You will be expected to be swept into their lives, desperate to know what awful thing Victoria has done but you won't be. In fact, I very quickly stopped caring what happened to either woman.

Victoria is - to borrow a phrase from my mother - a spoiled little madam. We are told constantly how beautiful, talented, enchanting and adored she is and how easy it is to fall in love with her. I couldn't see it myself. I didn't like her, never mind love her and I can't imagine anyone who would. Perhaps if Ruth hadn't mentioned early on, "Mine was a birthday that people found easy to forget, not like Victoria" it might have been different but I doubt it.

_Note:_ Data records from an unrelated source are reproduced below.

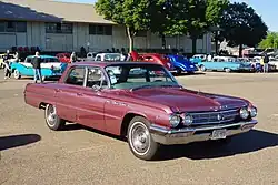 The 1962 Buick LeSabre was only moderately changed from the previous year with bodies taking on a few extra inches to give them a longer look along with new grilles and taillights. Two-door hardtop coupes received a new convertible-like roofline complete with simulated bows. Under the hood, the 364 cubic-inch V8 was replaced by the larger 401 cubic-inch V8 used in Invictas and Electra 225s. LeSabres came standard with a two-barrel high-compression (10.25 to 1) version rated at 280 horsepower with a low-compression regular fuel version of that same engine rated at 265 horsepower offered as a no-cost option. Optional at extra cost was the four-barrel 325-horsepower 401 which was standard on the Invicta, Electra 225 and the mid-year Invicta-based Wildcat coupe. Inside, interiors were mildly revised with the "Mirrormatic" speedometer replaced by a conventional horizontal sweep unit.[2]
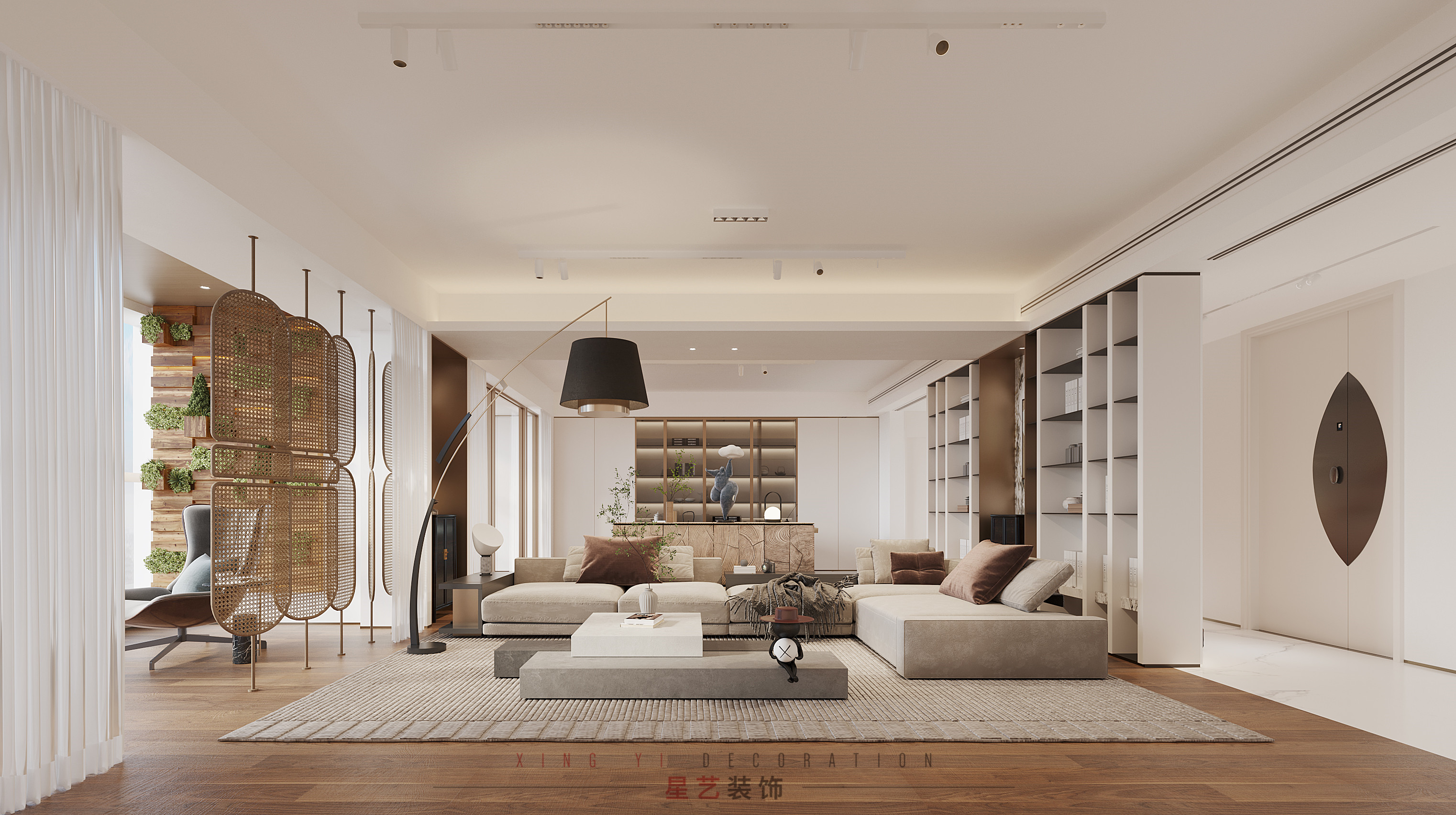 板正的沙發(fā),淺淺的燕麥色,給人以自然的溫暖,左側(cè)是藤編屏風(fēng),自然舒適的感觀,微風(fēng)徐來之時(shí),宛若置身東南亞。
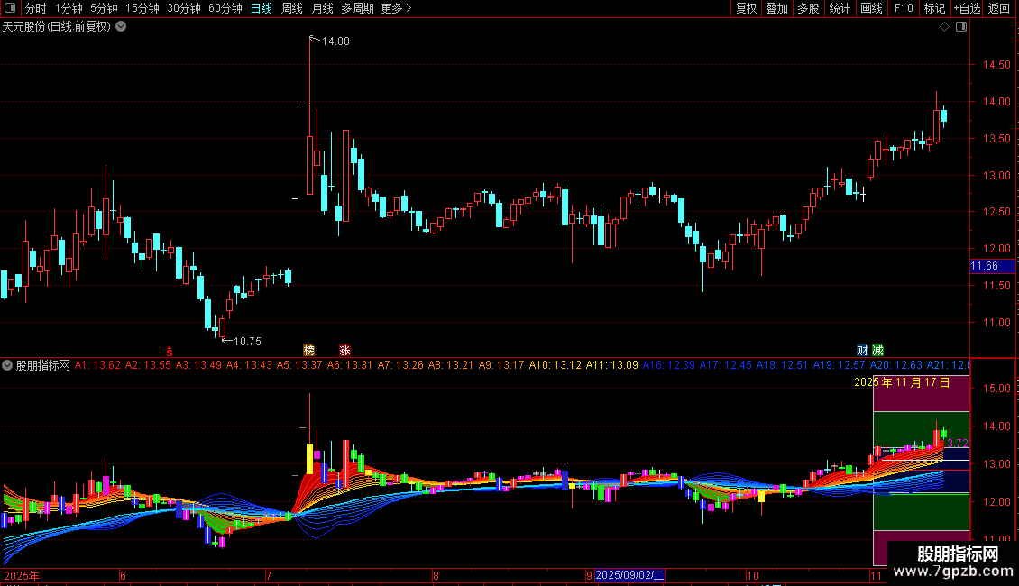 A7:EMA((EMA(C,13)+EMA(C,15)+EMA( C,17))/3,3),COLOR1070FF;
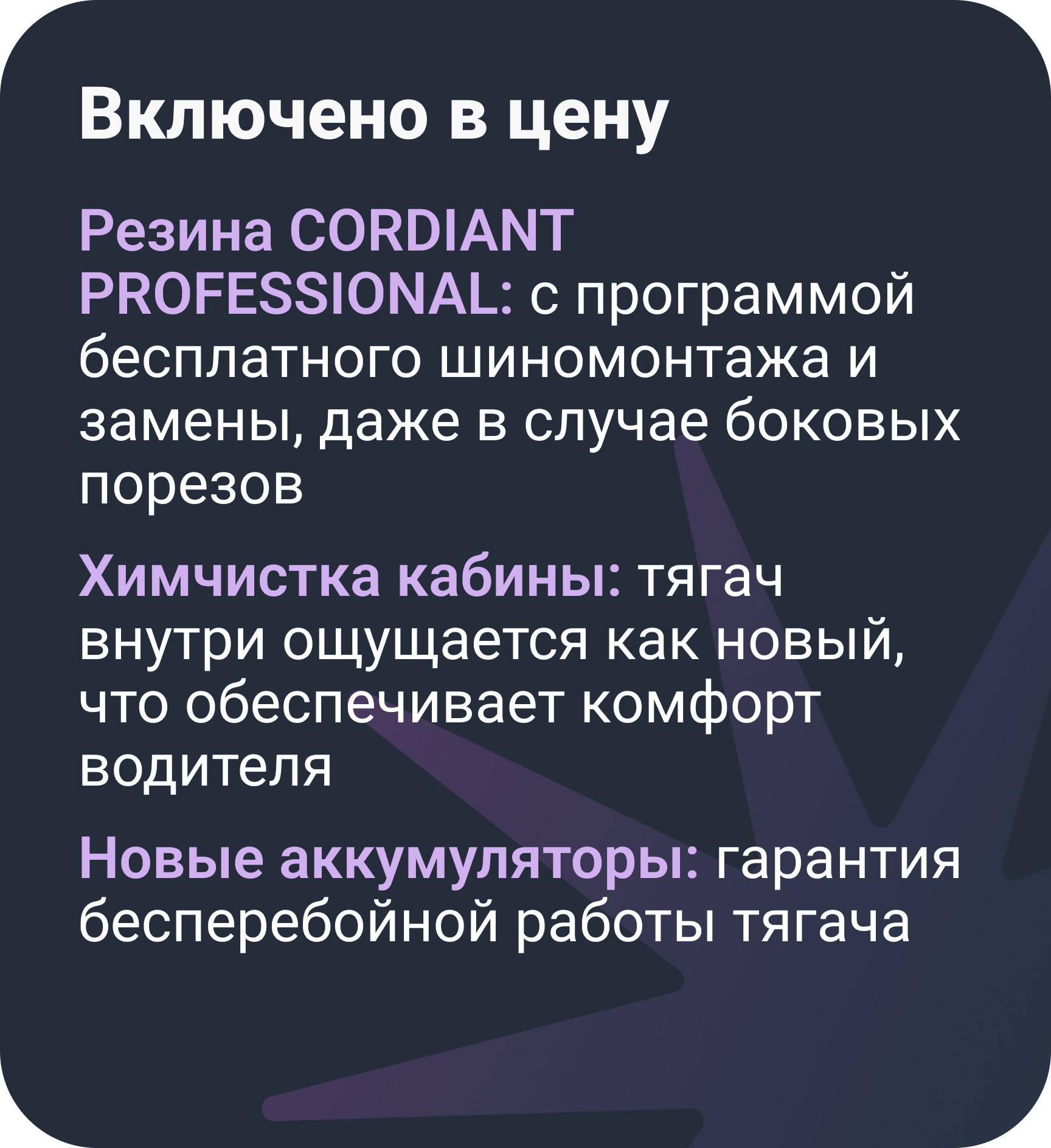Получаете полностью готовый к работе грузовик, доставленный в нужное место и с подменой в случае поломок

Why do so many people put up with Victoria's increasingly appalling behaviour? Apparently because she's stunning and the beautiful people have a different set of rules. These rules seems to involve being self centred and manipulative and nobody minding.

Telling the tale in this novel from Charlotte Moore is our heroine, Ruth. I wanted to care about her, I really did, but I couldn't. She's wet, needy and pathetic. She spends the entire book doing exactly as Victoria wants, including taking an ex-boyfriend off her hands when she's finished with him! I'm afraid that sympathy for a character so malleable is impossible.

Despite not giving a damn, I struggled through to the unsatisfactory ending. My Sister, Victoria is supposed to be a character-driven novel but the main characters are so dismal, it just doesn't work. When you finally get to Victoria's betrayal (page 363 for anyone who wants to skip straight to it), you've already worked it out. The betrayal is obvious and inevitable, a bit like the book itself.